November 22, 1982
During the 1970s, the number of Senate staff members working for senators and committees more than doubled. Rising demands for constituency services and the new prerogative that allowed senators to add one staffer to each of their assigned committees contributed to this dramatic increase. By 1979, with the two permanent office buildings densely packed, staff overflowed into nearby former hotels, apartment buildings, and expensive commercial office space.
Recognizing the looming need for more Senate working space, Congress in 1972 authorized construction of a third office building. In 1976, as workers broke ground for that facility, senators agreed to name it after Michigan’s Philip A. Hart, a deeply respected colleague who was then in his final struggle with cancer.

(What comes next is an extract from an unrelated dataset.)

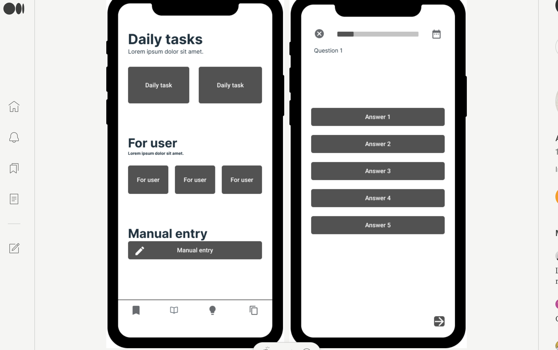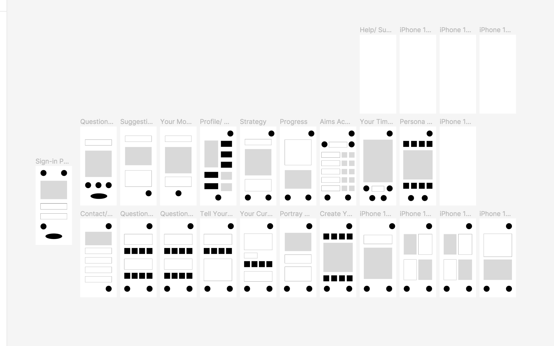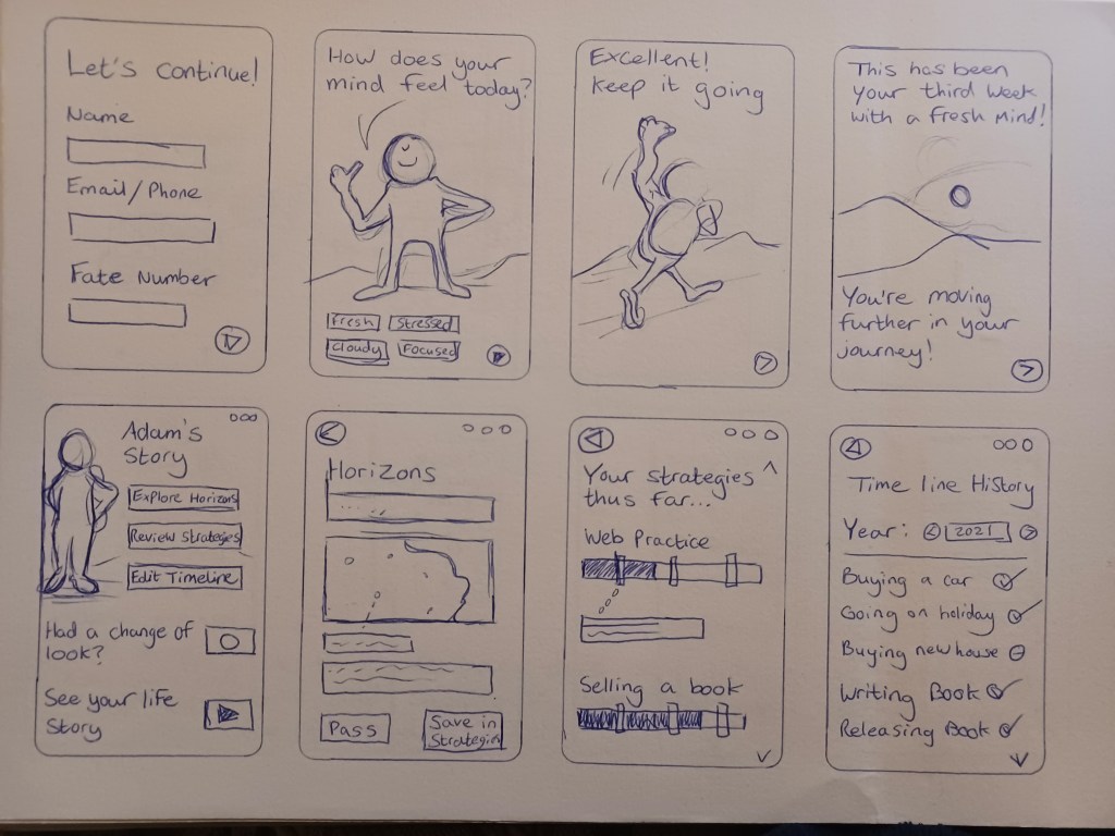 Following this research, I began to adapt the various drafts of the low-fidelity phase into a mid- fidelity that fleshed out the features that the app wold offer to help the user progress on their new direction. A further feature that I applied, keeping with the UX trend of visual data, was a ‘mood meter’ that would measure the user’s welfare based on the answers they give when they sign-in.

To design a flexible, energy-efficient building that would accommodate both the expanded staff and the new technology of the modern Senate, Congress retained the San Francisco architectural firm of John Carl Warnecke & Associates. As construction proceeded in the late 1970s, spiraling inflation tripled the facility’s anticipated cost. This caused frustrated lawmakers to impose a $137 million spending cap. These financial constraints forced elimination of a gymnasium and a rooftop restaurant and delayed completion of the Central Hearing Facility (SH-216).
The building’s starkly modern design and excessive costs prompted New York senator Daniel Patrick Moynihan to introduce the following “Sense of the Senate” resolution in May 1981.
"Whereas in the fall of 1980 the frame of the new Senate Office Building was covered with plastic sheathing in order that construction might continue during winter months; and Whereas the plastic cover has now been removed revealing, as feared, a building whose banality is exceeded only by its expense; and Whereas even in a democracy there are things it is well the people do not know about their government: Now, therefore, be it resolved, That it is the sense of the Senate that the plastic cover be put back."
When the building’s office suites for 50 senators became ready in November 1982, only a bold few senators chose to risk public scorn by moving there. Consequently, in a not-soon-to-be repeated reversal of established seniority tradition, many junior senators were permitted to claim some of Capitol Hill’s most desirable quarters.